Perhaps senior UNP Minister John Amaratunga summed it up best to reflect the prevailing political mood and insouciance when he declared at a news conference last week: “What has happened has happened, we have suffered loss, the damage has been done”.

Hopefully, in deference to the memory of those who lost their lives and the families they left behind to grieve their irreplaceable loss, he was not implying that the nation should not be crying  over spilled blood?

One question for Maithri and Ranil

Did Indian High Commissioner alert them?

As the SUNDAY PUNCH stated last week, the Indian intelligence warned their counterparts in Colombo not once, not twice but thrice. The first warning, it is said, was given on April 4 the second the day before the attacks, the third hours before the attack. And it was thrice ignored. Indian intelligence was not a general warning. It was what is called ‘actionable intelligence. It did not merely state that there would be attacks but specifically stated that churches and the Indian High Commission would come under attack on Easter Sunday.

Is it unreasonable to assume that the top most concern and priority of the Indian intelligence service would have been the safety of its own High Commission in Colombo and its consulate in Kandy? They would, no doubt, have informed the Indian High Commission of the potential threat, they had extracted from an ISIS suspect in Indian custody.

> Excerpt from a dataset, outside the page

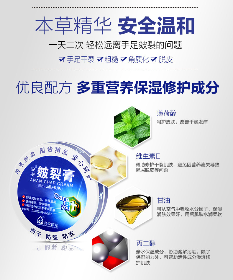 包邮安安皴裂膏爆拆灵裂可宁手霜护手足防冻裂干燥开裂洗头房男女
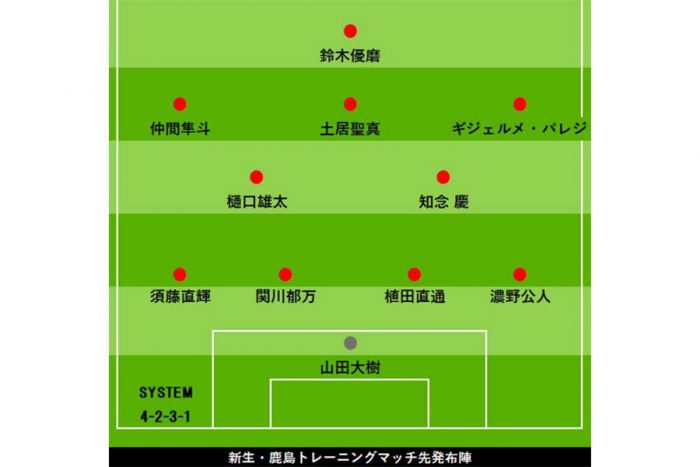 【布陣図】新生・鹿島、トレーニングマッチの先発メンバー&布陣

In such a situation, wouldn’t the Indian High Commissioner have called on the President and or the prime Minister and requested protection for the premises? True, there is an Indian contingent within the premises to guard it from terror attacks even as the US Embassy has a contingent of US marines. But they cannot step out of the premises but has to remain within the sovereign territory of their own country, namely the diplomatic premises.

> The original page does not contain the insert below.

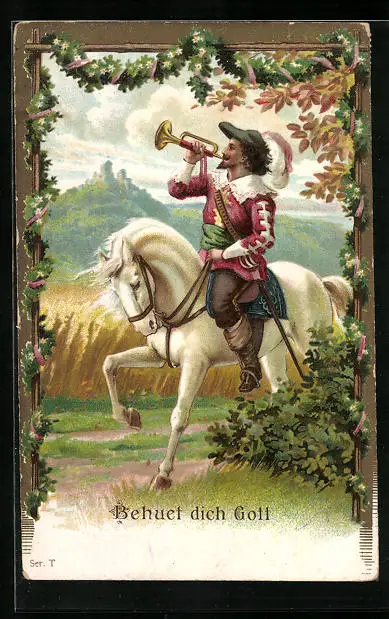 Präge-AK Behüt Dich Gott!, Trompeter zu Pferde

The question posed to both the President and the Prime Minister is: Did the Indian High Commission approach either and apprise them of the terror threat to the Indian High Commission and to the churches on Easter Sunday? The Indian High Commissioner would not have talked to the defence secretary directly since it’s against diplomatic protocol to talk to  a public servant.

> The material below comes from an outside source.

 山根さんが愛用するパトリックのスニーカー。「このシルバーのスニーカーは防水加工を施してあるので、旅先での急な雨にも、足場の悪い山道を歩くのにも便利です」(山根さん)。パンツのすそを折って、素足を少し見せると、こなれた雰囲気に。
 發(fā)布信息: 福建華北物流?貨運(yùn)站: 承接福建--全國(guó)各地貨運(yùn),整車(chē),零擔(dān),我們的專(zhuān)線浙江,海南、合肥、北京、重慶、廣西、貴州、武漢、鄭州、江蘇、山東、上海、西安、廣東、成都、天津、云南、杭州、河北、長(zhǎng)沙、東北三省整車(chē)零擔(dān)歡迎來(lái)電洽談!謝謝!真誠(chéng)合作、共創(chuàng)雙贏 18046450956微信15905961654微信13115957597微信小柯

Perhaps, it’s best, to clear the foul air, that both the President and the Prime Minister issue an unambiguous statement whether or not the Indian High Commissioner made such a request for Lankan police or troops to guard its entrance and act as a bulwark against the threat its own intelligence service had provided.

A simple ‘yes’ or a simple ‘no’ will do. Or did the Indian High Commissioner, too, even with his own High Commission under threat, keep the President and Prime Minister of Lanka in the dark?

 

CARDINAL RANJITH: Cometh the hour, cometh the man

Cardinal Ranjith: Man of the hour

Pope phones Cardinal to bestow blessings

His Eminence Malcolm Cardinal Ranjith, Archbishop of Colombo, has risen immeasurably in the eyes of his fellow men to be the true shepherd of Lanka’s Catholic flock to lead them from despair’s darkness to God’s own comforting heavenly light. And as things would have it, it has taken the worst of times to bring out the best in him. And, no doubt, he is seen in the Holy See as a rising star in the papal firmament.

On April 24, three days after the Easter carnage, His Holy Father Pope Francis sends him a letter. He writes: “Conscious of the wound inflicted on the entire nation, I likewise pray that all Sri Lankans will be affirmed in their resolve to foster social harmony, justice and peace. With these sentiments, I affectionately commend you and your Brother Bishops.

And the cardinal on May 2 writes to his His Holy Father. He says: “Your presence with us on this sad occasion strengthens me and our community.”

At 11 am that same day, Cardinal Ranjith’s phone rings at the Bishop’s House in Colombo.. It is from Pope Francis. He gives him benediction, praising him for the tremendous work done by his to uplift the spirit and souls of those who had suffered greatly in the tragedy.

And, like the Phoenix that rises from the ashes, who knows – for the church works in mysterious ways – whether at the appropriate hour at a future conclave of cardinals assembled to elect a new pope, white smoke will emit as the signal to herald the advent of the world’s first Asian Pope? Malcolm Cardinal Ranjith. Ad Multos Annos!